Méfaits divers, d’Hubert Prolongeau
Passons vite sur le titre sous forme de mot-valise qui ne rend pas forcément justice au livre pour nous intéresser à ce dont il parle. Journaliste et essayiste en plus d’être romancier, Hubert Prolongeau, par le biais de cinq nouvelles tente apparemment de concilier ses trois activités. Cinq nouvelles tirées de cinq faits-divers qui ont défrayé la chronique dans, en gros, la dernière décennie et même un peu avant. On y reconnaîtra sans peine cette jeune fille faisant croire qu’elle a été victime d’une agression antisémite dans le RER, ce prêtre intégriste envoyant à la mort les jeunes dont il a la responsabilité pendant un camp de vacances ou encore cette vague de suicides chez un constructeur automobile.

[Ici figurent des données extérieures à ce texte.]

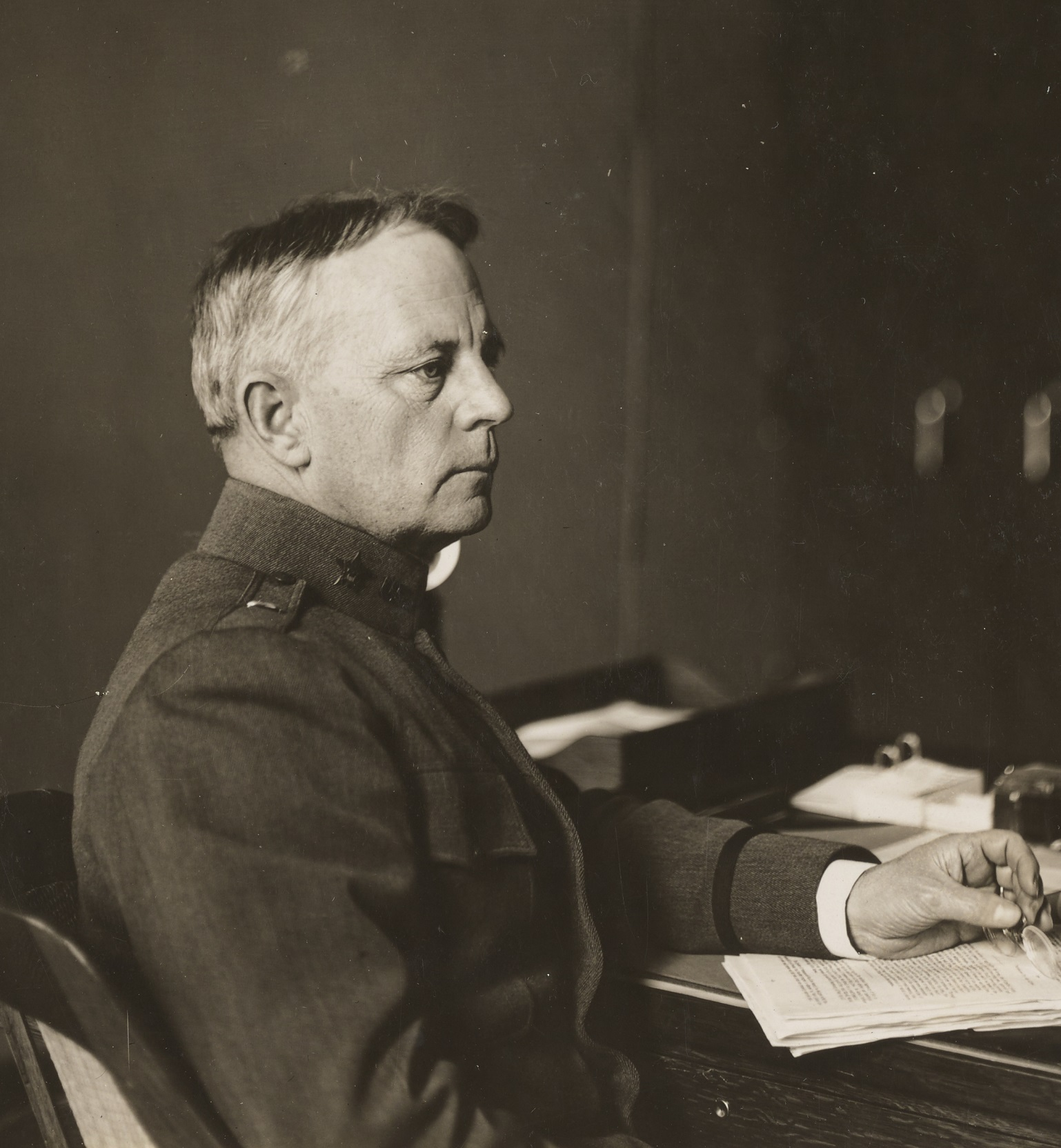 Brig Gen Palmer E Pierce, member of general staff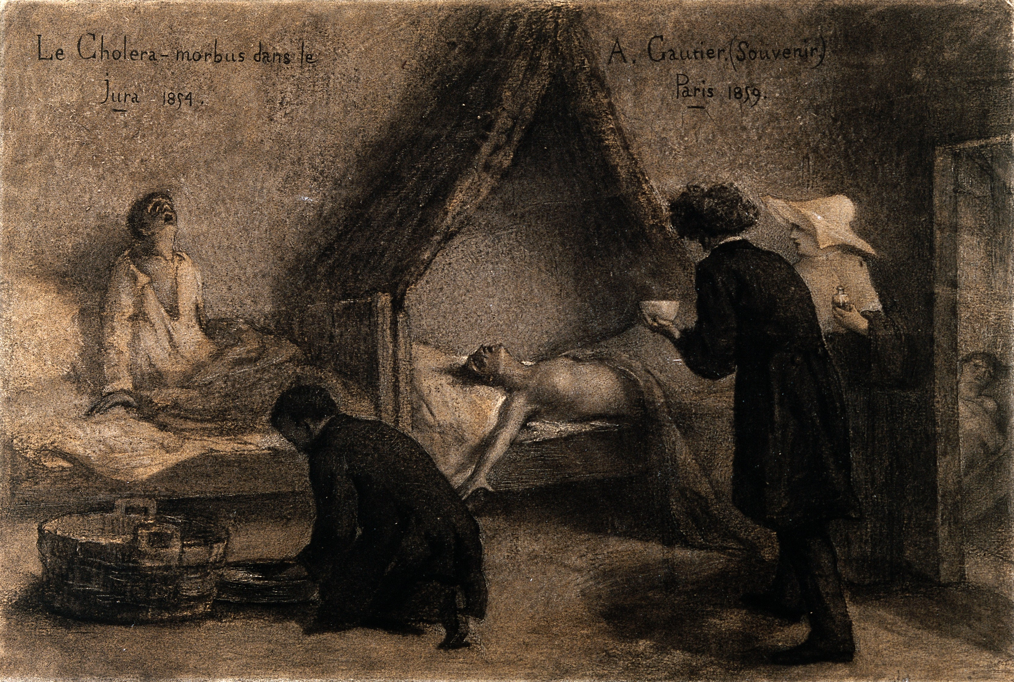 Patients suffering from cholera in the Jura during the 1854 epidemic, with Dr Gachet attending them. Pencil drawing by A. Gautier, 1859. Iconographic Collections Keywords: Amand-Désiré Gautier; Paul-Ferdinand Gachet

Mais très vite Prolongeau quitte sa casquette de journaliste pour prendre celle de romancier et se laisser aller à des variations autour de ces cinq affaires. Point de départ ou d’arrivée, le fait divers réel dont est tiré chacune des nouvelles n’en est jamais vraiment le cœur. Il est l’occasion pour Prolongeau de laisser dériver son imagination pour mettre l’humain au centre de son histoire : victime ou coupable, réel ou de fiction, c’est toujours un homme ou une femme qui se trouve au cœur de chacune de ces variations. Et Prolongeau, au passage, d’user de son regard de journaliste et d’essayiste pour sonder à travers ces faits divers une société dont il dresse un portrait peu flatteur, obsédée par le paraître plus que par l’être, sacrifiant la personne sur l’autel de la performance, peuplée d’ombres à la recherche d’un peu d’attention ou de reconnaissance mais destinées à ne connaître l’une ou l’autre que de manière fugace ou tragique.
D’aucuns reprocheront peut-être à Hubert Prolongeau de se montrer parfois un peu caricatural mais, en fin de compte, on pourra se demander si la caricature n’est pas avant tout présente dans ce que nous offre à voir notre société à travers le prisme de ces faits divers dont on nous abreuve, que l’on guette avec un plaisir coupable et qui, de plus en plus, jouent même un rôle politique à travers la manière dont ils sont utilisés. Ce que nous montre Prolongeau, c’est que derrière la dictature du fait divers comme instrument médiatico-politique, il y a aussi et surtout des êtres humains et des tragédies, grandes ou petites, qui disent quelque chose du monde dans lequel nous vivons.
Hubert Prolongeau, Méfaits divers, Rivages/Noir, 2013.